- Your instructions -
Type the data below again exactly. Omit all pictures.

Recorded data
============

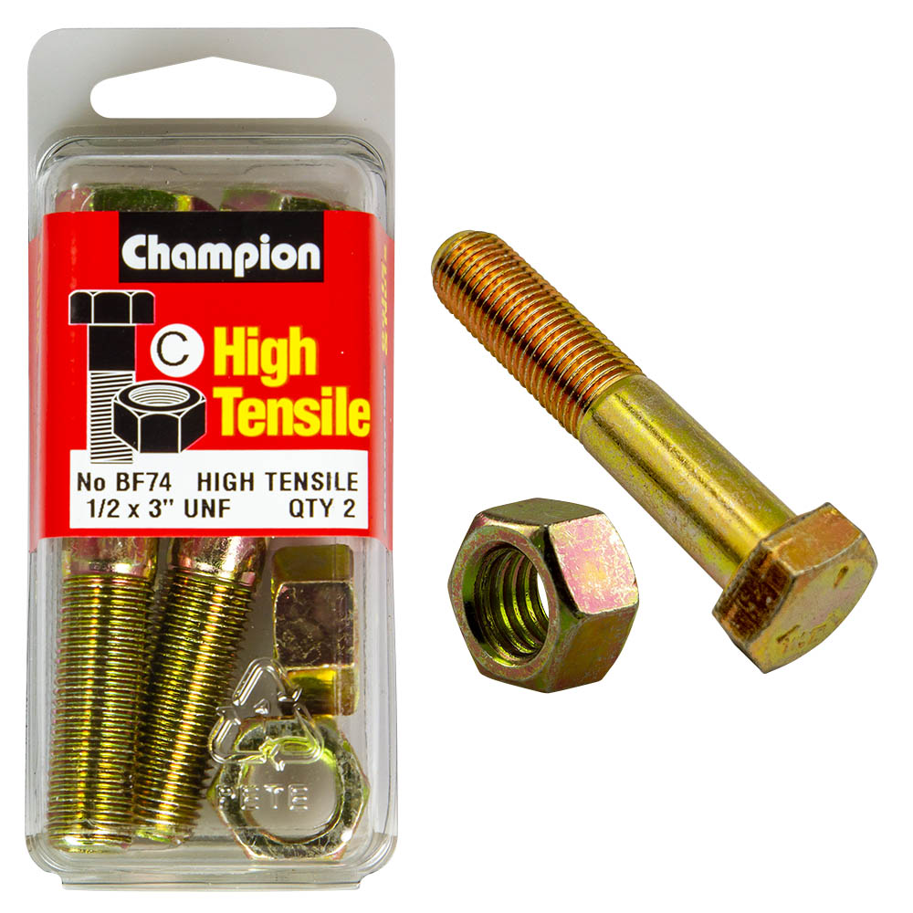Industrial Shed proudly distributes Champion - HEX BOLTS & NUTS - HIGH TENSILE - 1/2" x 3" - UNF - GRADE 5 | BF74 by Champion Fasteners, delivering exceptional strength and reliability for a wide range of industrial and construction applications.
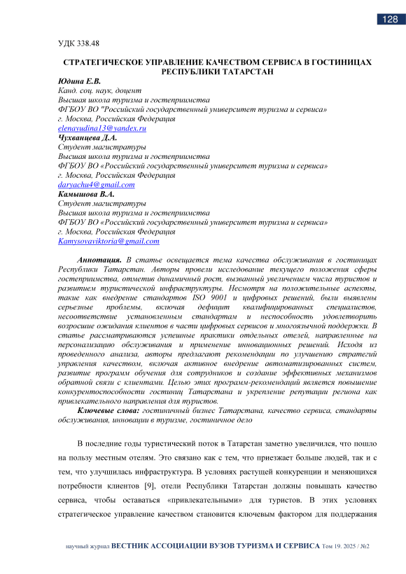 В статье освещается тема качества обслуживания в гостиницах Республики Татарстан. Авторы провели исследование текущего положения сферы гостеприимства, отметив динамичный рост, вызванный увеличением числа туристов и развитием туристической инфраструктуры. Несмотря на положительные аспекты, такие как внедрение стандартов ISO 9001 и цифровых решений, были выявлены серьезные проблемы, включая дефицит квалифицированных специалистов, несоответствие установленным стандартам и неспособность удовлетворить возросшие ожидания клиентов в части цифровых сервисов и многоязычной поддержки. В статье рассматриваются успешные практики отдельных отелей, направленные на персонализацию обслуживания и применение инновационных решений. Исходя из проведенного анализа, авторы предлагают рекомендации по улучшению стратегий управления качеством, включая активное внедрение автоматизированных систем, развитие программ обучения для сотрудников и создание эффективных механизмов обратной связи с клиентами. Целью этих программ-рекомендаций является повышение конкурентоспособности гостиниц Татарстана и укрепление репутации региона как привлекательного направления для туристов.
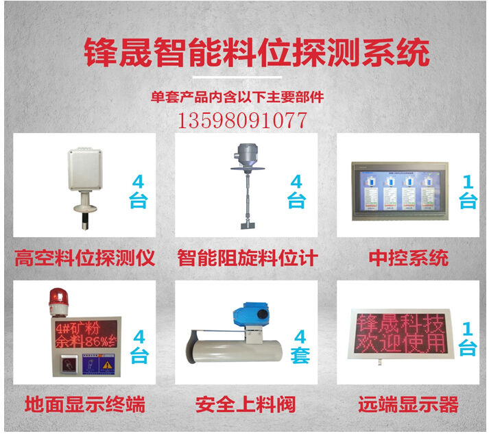 由高空料位探測儀、阻旋式料位計、中控系統、地面顯示終端、安全上料閥、遠程顯示器六大子系統組成!
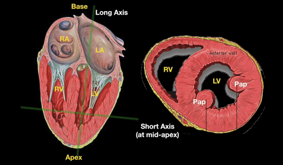 If placing the probe on the 3rd or 4th intercostal space with the indicator pointed to the right shoulder (or left elbow, depending on the convention) consistently yielded an adequate parasternal long axis window, then echo would truly be easy for all novices. However, there is significant variation between the position of the heart and the surface anatomy. For example, patients with ascites or elevated left hemi-diaphragms have hearts situated more superiorly, with a leftwardly displaced apex. Patients with obstructive lung disease or long thoraces, tend to have more inferiorly displaced hearts with apexes that are more rightward.
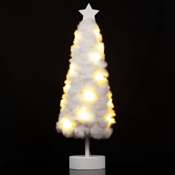 Пушистая елочка с лампочками. Работает от 2 батареек ААА (в комплект не входят).
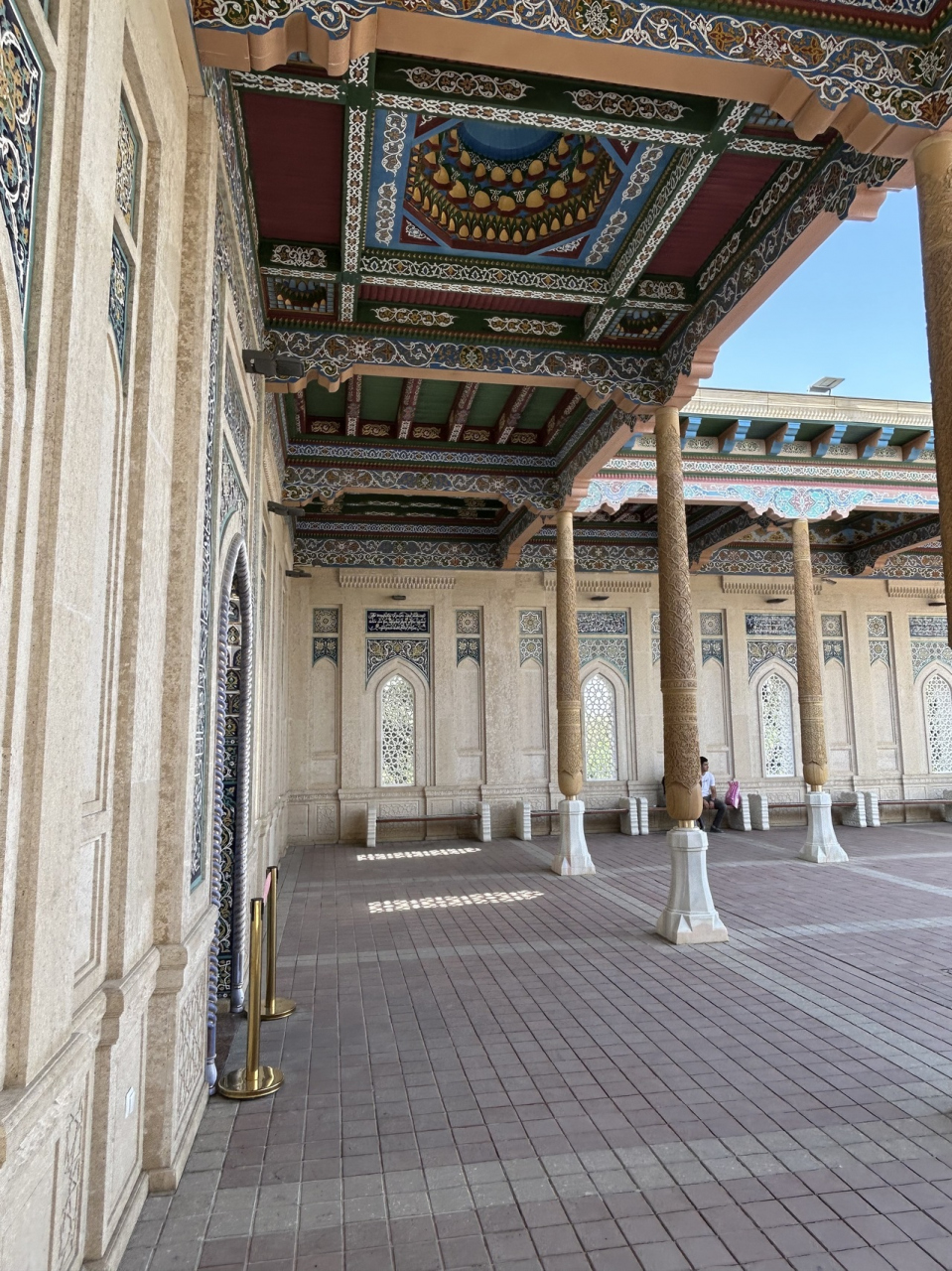レギスタン広場から電動カートに乗って、バザールに着きます。そこからすぐにこのモスクが見えます。他のモスクと違い、美しい青の世界ではないけれど、回廊などが趣がありました。コーランも聞こえてきました。ここから見る旧市街地は、見ごたえがあります。

============

- Output of the exercise -
Industrial Shed proudly distributes Champion - HEX BOLTS & NUTS - HIGH TENSILE - 1/2" x 3" - UNF - GRADE 5 | BF74 by Champion Fasteners, delivering exceptional strength and reliability for a wide range of industrial and construction applications.
 В статье освещается тема качества обслуживания в гостиницах Республики Татарстан. Авторы провели исследование текущего положения сферы гостеприимства, отметив динамичный рост, вызванный увеличением числа туристов и развитием туристической инфраструктуры. Несмотря на положительные аспекты, такие как внедрение стандартов ISO 9001 и цифровых решений, были выявлены серьезные проблемы, включая дефицит квалифицированных специалистов, несоответствие установленным стандартам и неспособность удовлетворить возросшие ожидания клиентов в части цифровых сервисов и многоязычной поддержки. В статье рассматриваются успешные практики отдельных отелей, направленные на персонализацию обслуживания и применение инновационных решений. Исходя из проведенного анализа, авторы предлагают рекомендации по улучшению стратегий управления качеством, включая активное внедрение автоматизированных систем, развитие программ обучения для сотрудников и создание эффективных механизмов обратной связи с клиентами. Целью этих программ-рекомендаций является повышение конкурентоспособности гостиниц Татарстана и укрепление репутации региона как привлекательного направления для туристов.
 由高空料位探測儀、阻旋式料位計、中控系統、地面顯示終端、安全上料閥、遠程顯示器六大子系統組成!
 If placing the probe on the 3rd or 4th intercostal space with the indicator pointed to the right shoulder (or left elbow, depending on the convention) consistently yielded an adequate parasternal long axis window, then echo would truly be easy for all novices. However, there is significant variation between the position of the heart and the surface anatomy. For example, patients with ascites or elevated left hemi-diaphragms have hearts situated more superiorly, with a leftwardly displaced apex. Patients with obstructive lung disease or long thoraces, tend to have more inferiorly displaced hearts with apexes that are more rightward.
 Пушистая елочка с лампочками. Работает от 2 батареек ААА (в комплект не входят).
レギスタン広場から電動カートに乗って、バザールに着きます。そこからすぐにこのモスクが見えます。他のモスクと違い、美しい青の世界ではないけれど、回廊などが趣がありました。コーランも聞こえてきました。ここから見る旧市街地は、見ごたえがあります。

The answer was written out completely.